From a 35,000 foot view, what happened next to Strasburg and Harvey looks like a parable about the futility of it all, doesn’t it? Both of them ended up having career-derailing thoracic outlet syndrome, after all. But was it really?
Strasburg was mostly healthy and mostly great for seven more seasons in a Washington uniform. Because his career as an effective pitcher outlasted his team control years, he signed two top of the market contracts: A $175 million extension with an opt out during the 2016 season and a $245 million free agent contract after utilizing that opt out three years later. He got Cy Young votes in three more seasons. The Nationals won the World Series in 2019 and Strasburg was named World Series MVP. Those 2019 playoff innings turned out to be the last bullets in his arm; he started having nerve and shoulder issues the next spring that ultimately turned out to be career-ending thoracic outlet syndrome—after he’d gotten paid twice, after he’d had a career better than 99% of his peers.

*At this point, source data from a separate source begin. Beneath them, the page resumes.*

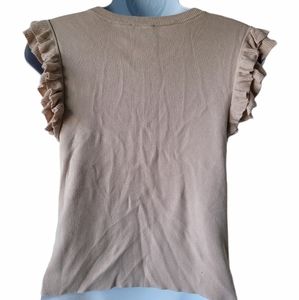 Ruffle short sleeve express blouse with peekaboo cleavage opening
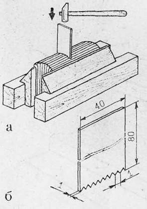 Если нет кашировки, ее несложно сделать из стальной пластины (подойдет лезвие от рубанка). Сточив режущую часть, трехгранным напильником наноосят на торце пластины неглубокие зубцы (рис. 16, б).
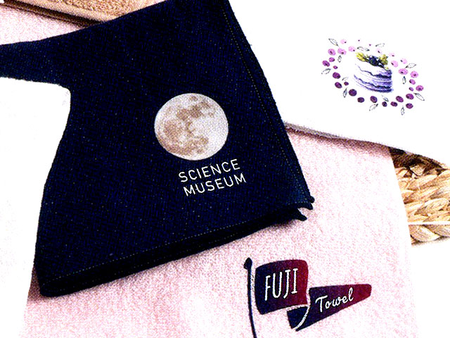 転写紙にプリントしたデザインを熱圧着により生地へ定着させます。1枚からフルカラーで作成ができますが、プリント面は生地の肌触りや吸水性が損なわれます。デザインサイズによりプリント料金が変わります。
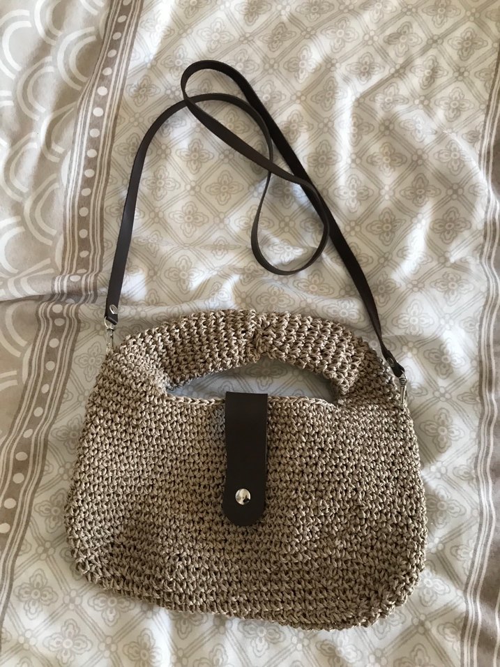 Bej renkli, kahverengi askılı ve düğmeli örgü kadın çantası, günlük kullanım için bohem ve rahat bir stile sahiptir. Sorunsuz içine telefon cüzdan sığar ama küçük hazneli kullanıldı ama sorunsuz
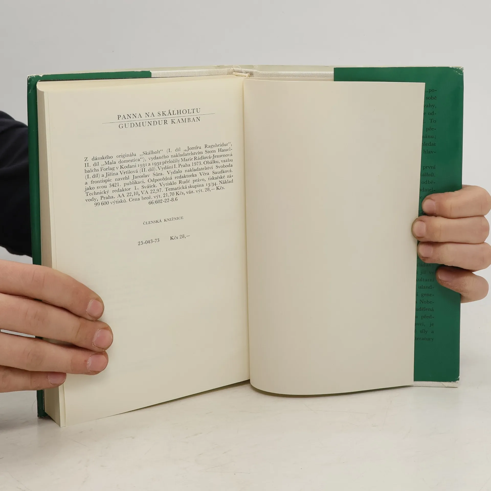 První dva díly (Panna Ragnheidur, Mala domestica) čtyřdílného románového cyklu Skálholt významného představitele zakladatelské generace moderní islandské literatury (1888-1945). Široce koncipovaná sága o tragické lásce dcery islandského biskupa je vyprávěna podle skutečného příběhu z druhé poloviny 17. století. Hrdinka se odmítá provdat za muže ze vznešeného a bohatého rodu, kterého jí zvolil otec, a podléhá svodu mladého kněze a má s ním dítě.Nepochopení a nepřátelství otce pro tento domněle hříšný čin přerušuje jen její nemoc a nakonec smrt. 25-043-73
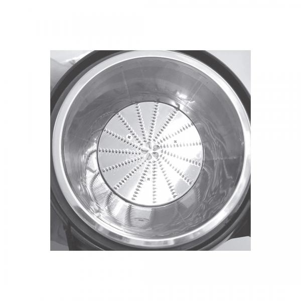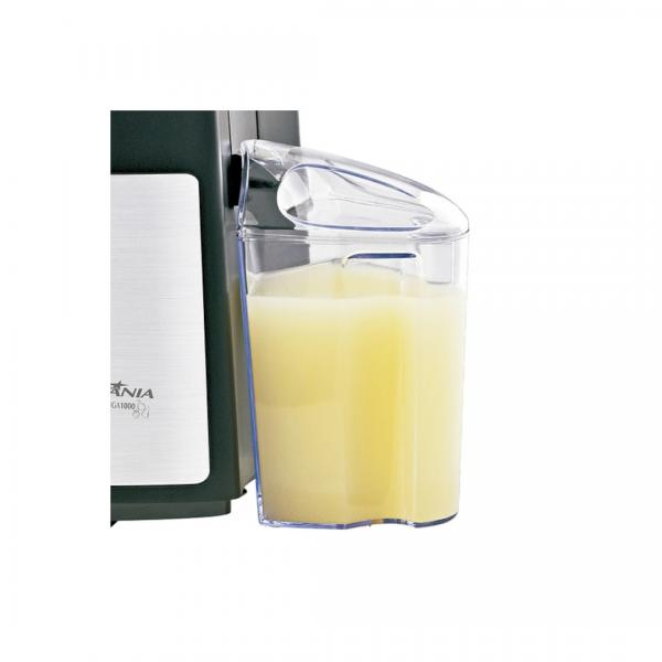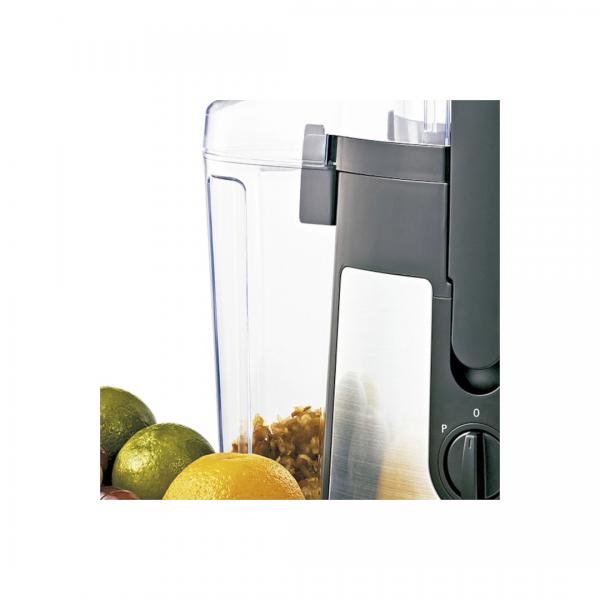 Esse processador é equipado com uma escova para facilitar a limpeza do aparelho, coletor de resíduos que serve como depósito para sementes e bagaços das frutas e hortaliças processadas e ainda uma prática e resistente jarra de suco.

Harvey ultimately threw 216 innings in 2015. His thoracic outlet syndrome came the next summer. He threw 539 ⅓ innings of 5.92 ERA baseball in the majors from 2016-2021. He never signed a contract longer than one year and never made more than $11 million in a season.
Whatever the Mets believed Harvey owed them in September and October 2015 was a debt they never repaid. They designated him for assignment the minute they decided he couldn’t help their rotation anymore. He’s now a commercial realtor and often shows up at Citi Field—in the luxury boxes.